- Born: 9 August 1803 Bristol, England
- Died: 5 January 1888 (aged 84)
- Occupation: Journalist

= Thomas Latimer (journalist) =

British journalist (1803–1888)

Thomas Latimer (9 August 1803 – 5 January 1888) was a British journalist and campaigner.

== Life and career ==

Born in Bristol but raised mostly in London, Latimer left London for Exeter in 1827. The same year he took up his first job as a reporter for the Devonshire Chronicle and Exeter News. Within a few years, he became editor of the Western Times, which he strengthened into a force against corruption and injustice. Under his leadership, the paper gained a reputation for 'championing the yeoman and working man'.

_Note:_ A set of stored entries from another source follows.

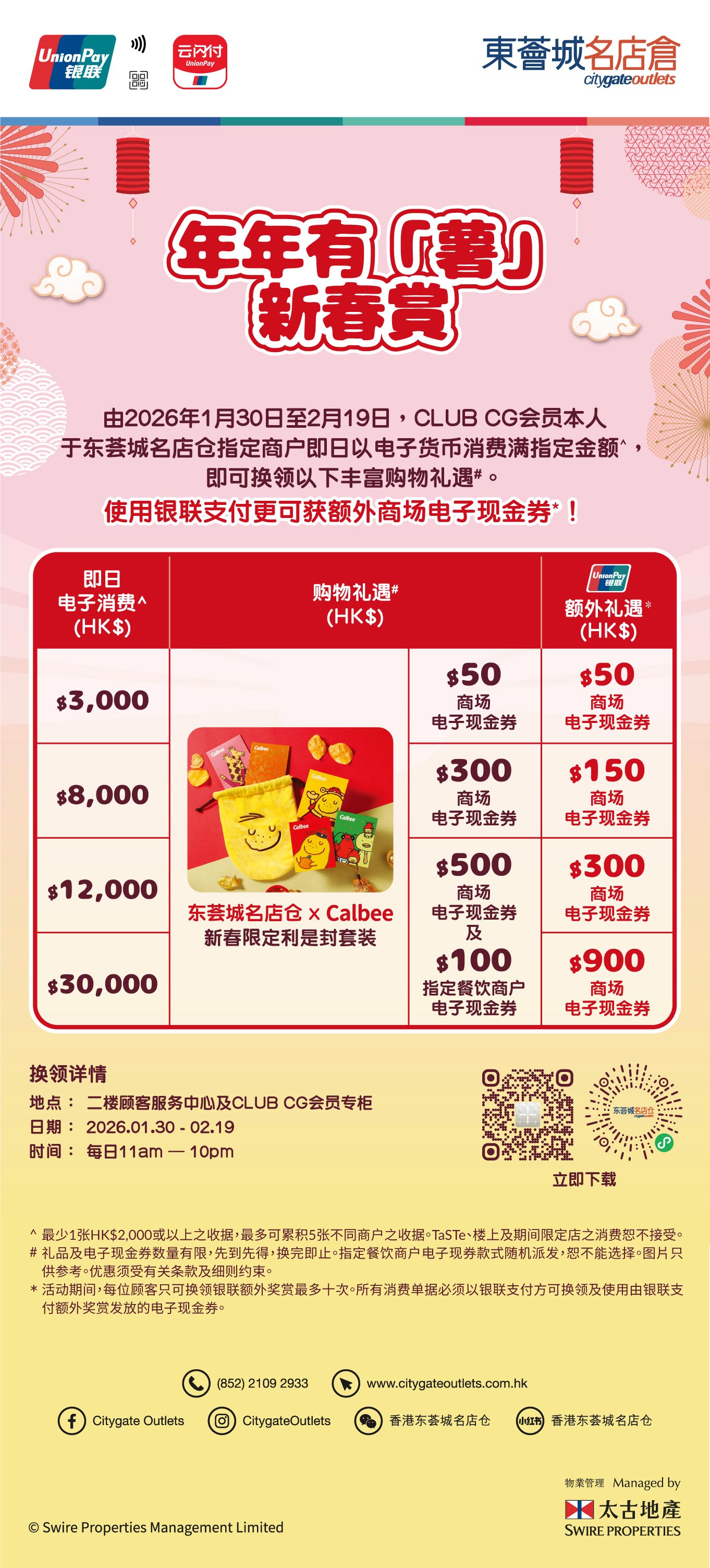 i. 港币3,000元至港币7,999 元 (最少一张港币2,000元或以上之收据,最多可累积5张不同商户之收据) ,即可换领东荟城名店仓 x Calbee新春限定利是封套装乙套及港币50元东荟城名店仓商场电子现金券;以指定银联支付方式消费,更可额外获得港币50元东荟城名店仓商场电子现金券; ii. 港币8,000元至港币11,999 元 (最少一张港币2,000元或以上之收据,最多可累积5张不同商户之收据),即可换领东荟城名店仓 x Calbee新春限定利是封套装乙套及港币300元东荟城名店仓电子现金券;以指定银联支付方式消费,更可额外获得港币150元东荟城名店仓电子现金券; iii. 港币12,000元或以上 (最少一张港币2,000元或以上之收据,最多可累积5张不同商户之收据),即可换领东荟城名店仓 x Calbee新春限定利是封套装乙套、港币500元东荟城名店仓电子现金券及港币100元指定餐饮商户电子现金券;以指定银联支付方式消费,更可额外获得港币300元东荟城名店仓电子现金券。 iv. 港币30,000元或以上 (最少一张港币2,000元或以上之收据,最多可累积5张不同商户之收据) ,即可换领东荟城名店仓 x Calbee新春限定利是封套装乙套、港币500元指定商户电子现金券及港币100元指定餐饮商户电子现金券;以指定银联支付方式消费,更可额外获得港币900元东荟城名店仓电子现金券。 - 每人每日最多只可换领以上任何一款礼遇各一次。活动期间,每位顾客只可换领银联额外奖赏最多十次。所有消费单据必须以银联支付方可换领及使用有银联支付额外奖赏发放的电子现金券。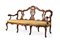 Due divani da portego a tre posti in noce con schienale a cartelle traforate, l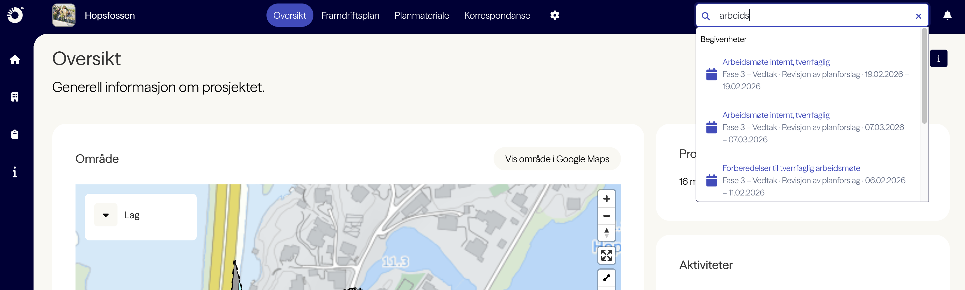 Søk og finn filer, begivenheter, underphaser, resultatsmapper, beslutninger, korrespondanse-oppfølging og team medlemmer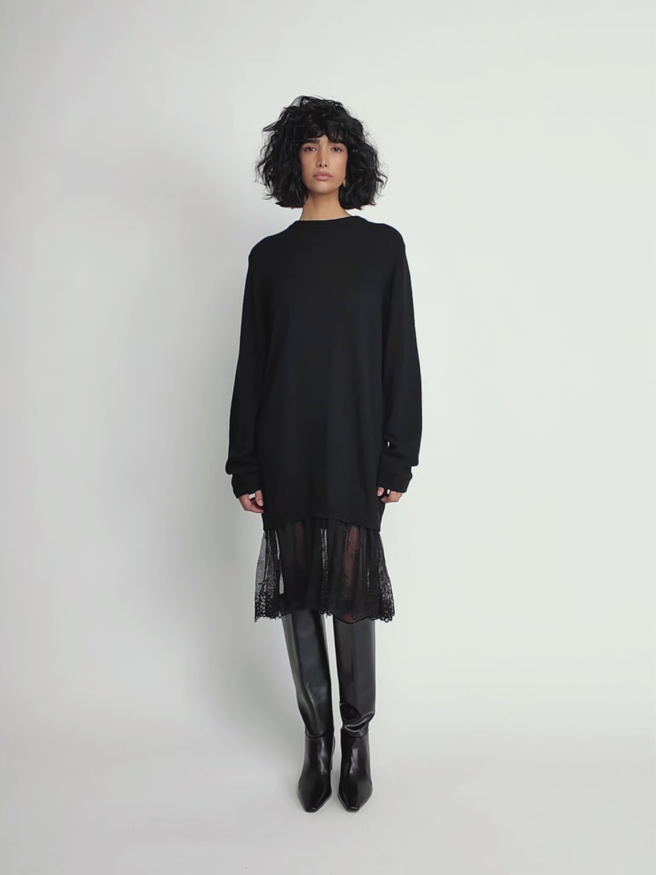 Effortlessly elegant, this knit dress blends cozy texture with delicate lace detailing. Designed in a soft stretch knit with a round neckline and long sleeves, it features a refined lace hem that adds a subtle romantic touch. Perfect for day-to-night wear — pair it with boots or heels for a chic, timeless look.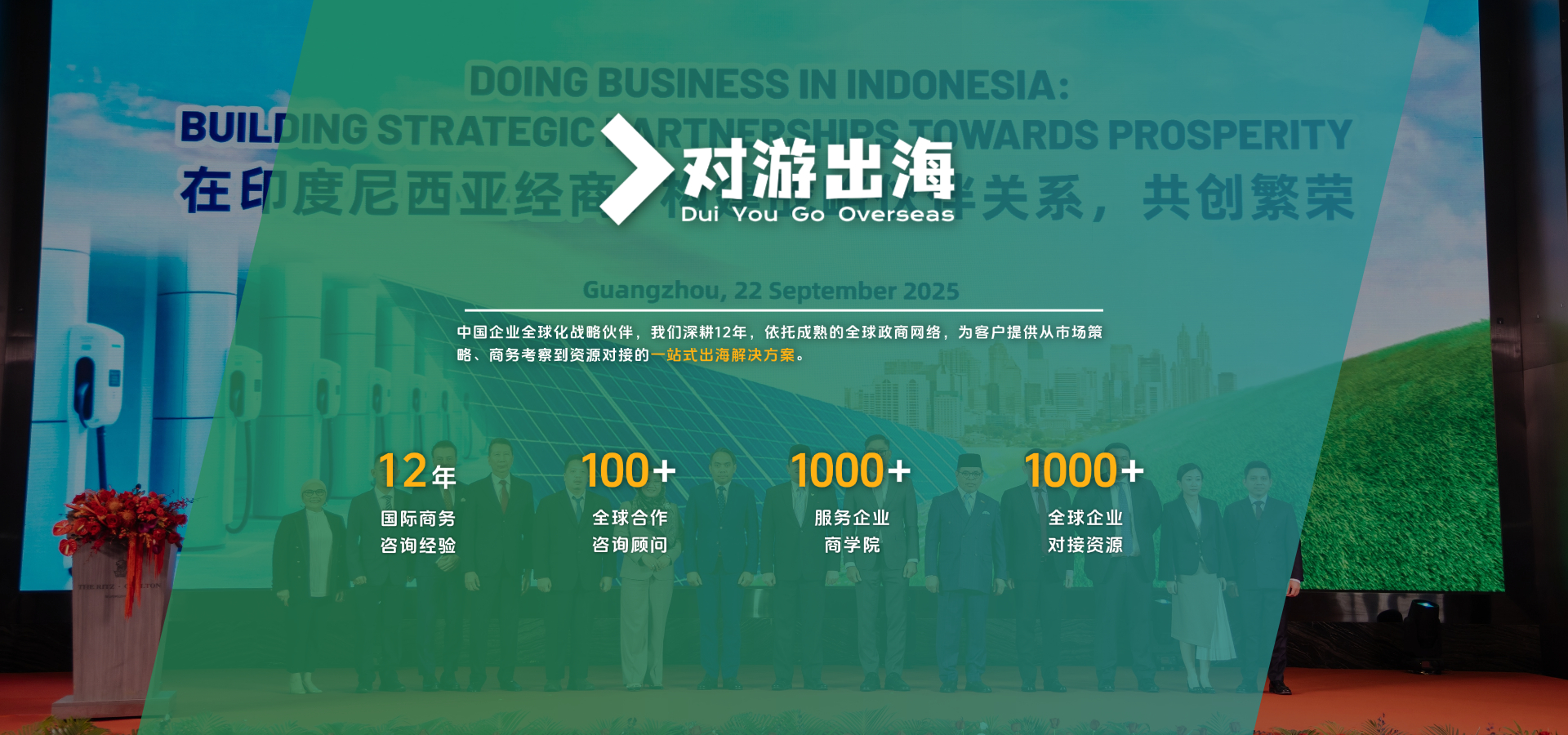 中国企业全球化战略伙伴,深耕12年,依托成熟的全球政商网络,为客户提供从市场策略、商务考察到资源对接的一站式出海解决方案。
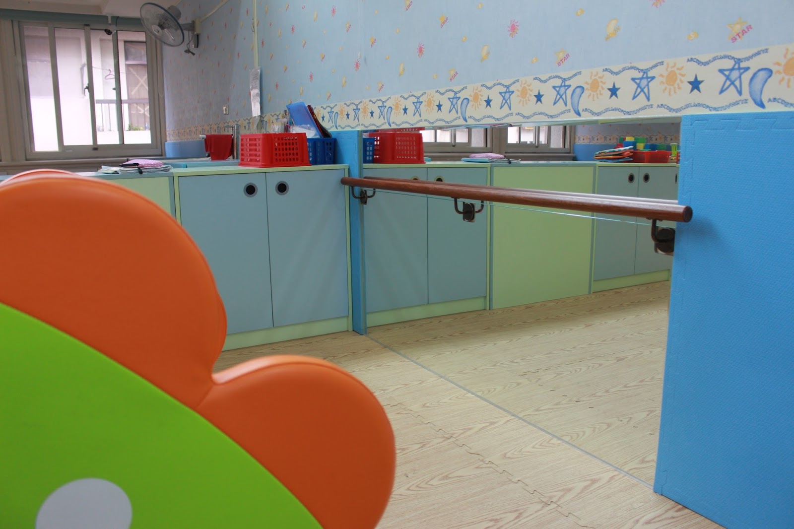 我們上了三樓看到托育中心的環境,沒想到環境還滿大的,寬敞的環境可以讓我們家Antoon好好地爬來爬去,我已經可以想像我們家Antoon到處爬來爬去的畫面! 我看到滿有意思的一件事,通常我們都會設計欄杆給小孩子學站,但他們的欄杆相對較高,從事幼教的都知道,太早學走路對孩子的發育跟發展沒有比較好,讓我看到他們的用心之處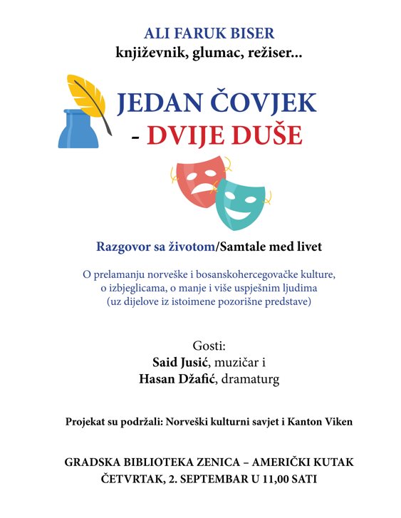 Književnik, reditelj i glumac Ali Faruk Biser, koji živi i radi u Norveškoj, gost je prigodnog programa pod nazivom JEDAN ČOVJEK – DVIJE DUŠE.
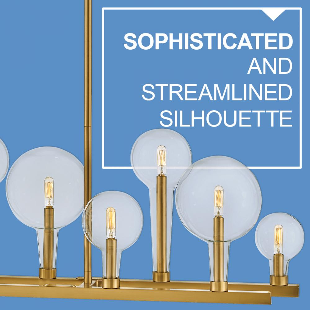 Inspired by the vintage flasks of a chemistry classroom, Alchemy is a unique statement piece. Its tapered globes instantly stand out in a variety of spaces, while the open silhouette enhances its sophisticated edge.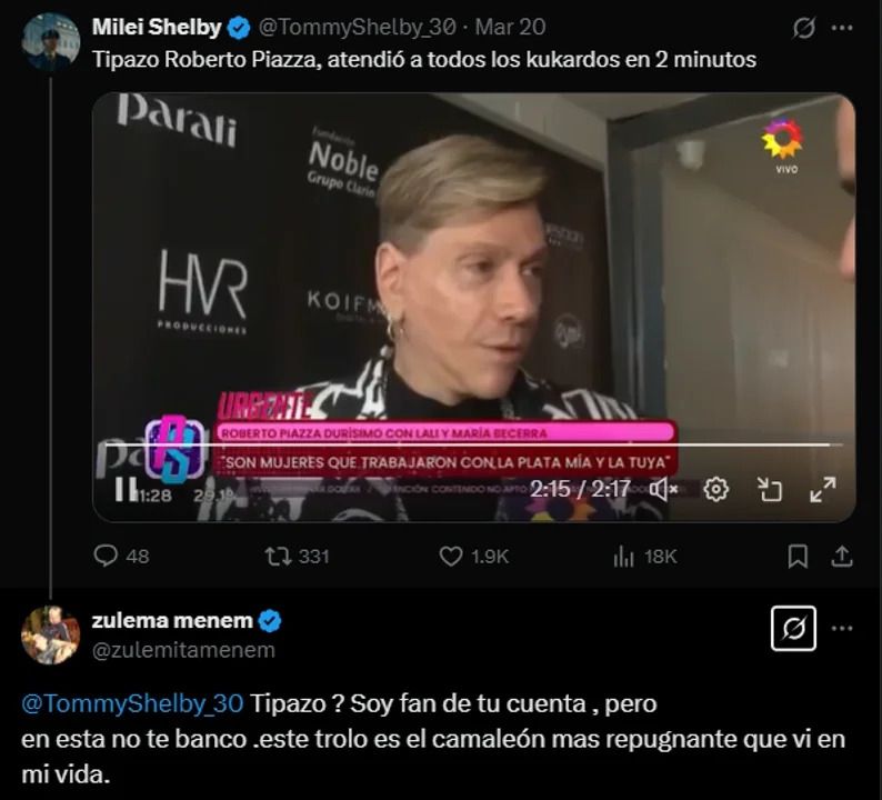 A lo que Zulemita Menem de una manera incisiva y con una connotación homofóbica respondió: “¿Tipazo? Soy fan de tu cuenta, pero en esta no te banco. Este trolo es el camaleón más repugnante que vi en mi vida”. Junto al lapidario mensaje sumó capturas de notas periodísticas de 2010 cuando Roberto Piazza le solicitaba a la ex Presidenta Cristina Fernández que auspicie como madrina de bodas. Ante esto, el seguidor libertario sólo respondió: “Genia Zulema, no tenía esa data”.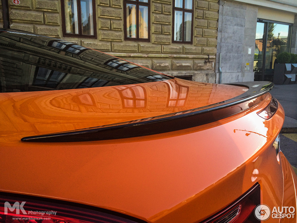 Genau wie auf den offiziellen Fotos sind auch hier schwarze Nieren sowie Heckspoiler-Lippe und Außenspiegelkappen aus Carbon erkennbar, dazu kommt natürlich das serienmäßige Carbon-Dach.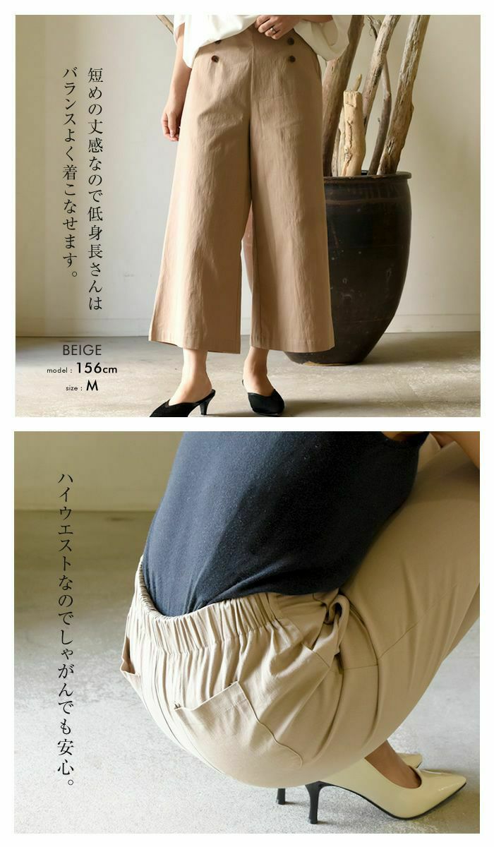 送料無料 フロントボタンワイドパンツ レディース 春 夏 S M L LL ≪ゆうメール便配送20・代引不可≫ | アクアガレージ aquagarage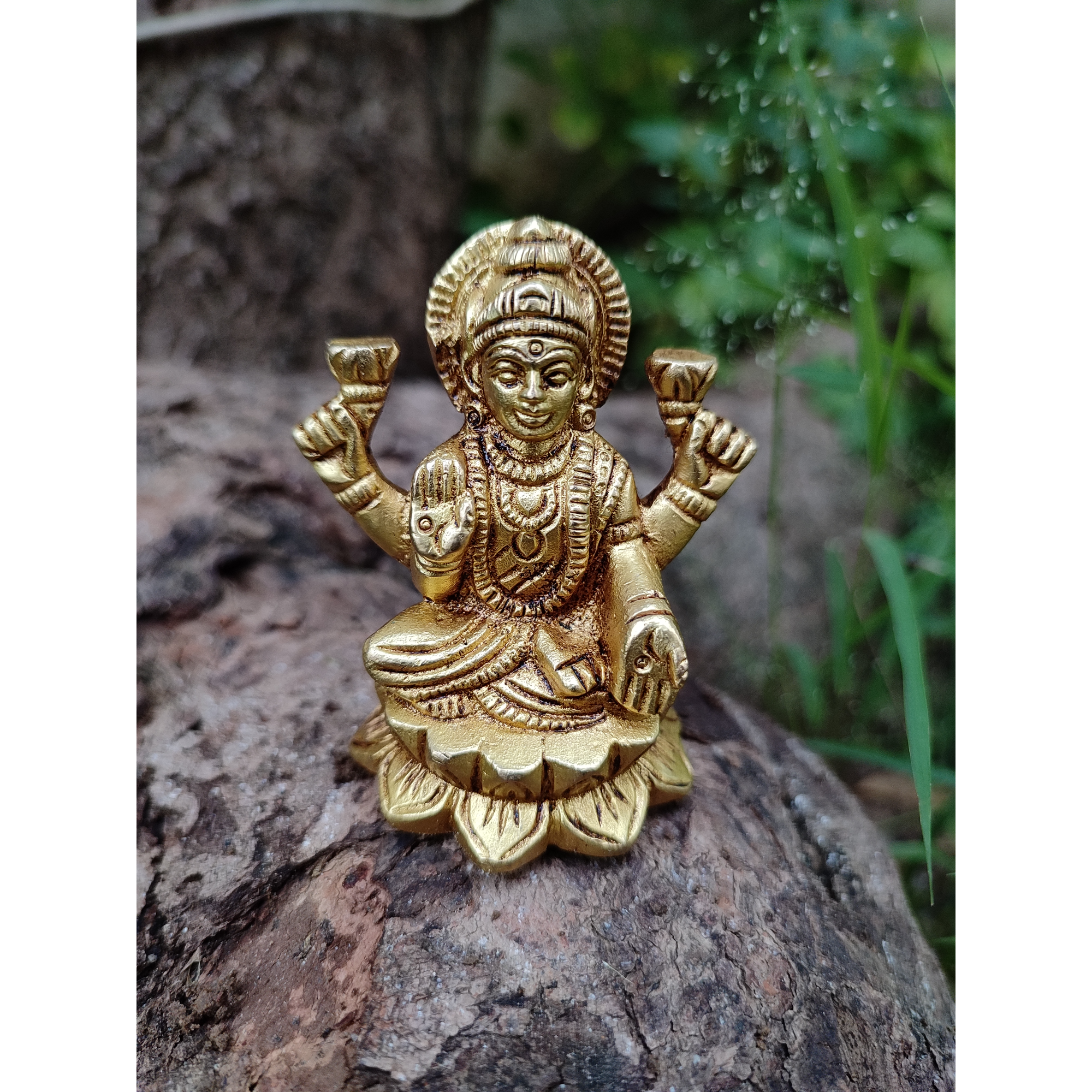 Design: Goddess Lakshmi seated gracefully on a beautifully carved lotus symbolizing purity and abundance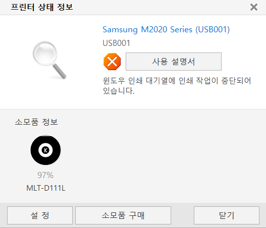 이걸로 안되면 프린터 아이콘 오른쪽 클릭 후 문제 해결 눌러보세요.

While serving as editor of the Exeter and Plymouth Gazette, Latimer formed a lifelong friendship with Charles Dickens.

Latimer became known nationally for his political struggle with the Bishop of Exeter, Henry Phillpotts. When the Bishop charged Latimer with criminal libel, Alexander Cockburn QC defended him without a fee on the basis that what Latimer had said in his criticisms of the Bishop had been true; Latimer was acquitted.

In addition to his career as a journalist, Latimer became an Exeter councillor, an overseer of the poor and an improvement commissioner. In 1851, he was appointed a Justice of the Peace.

Latimer was a well-known walker, once walking the 170 miles from London to Exeter in three days.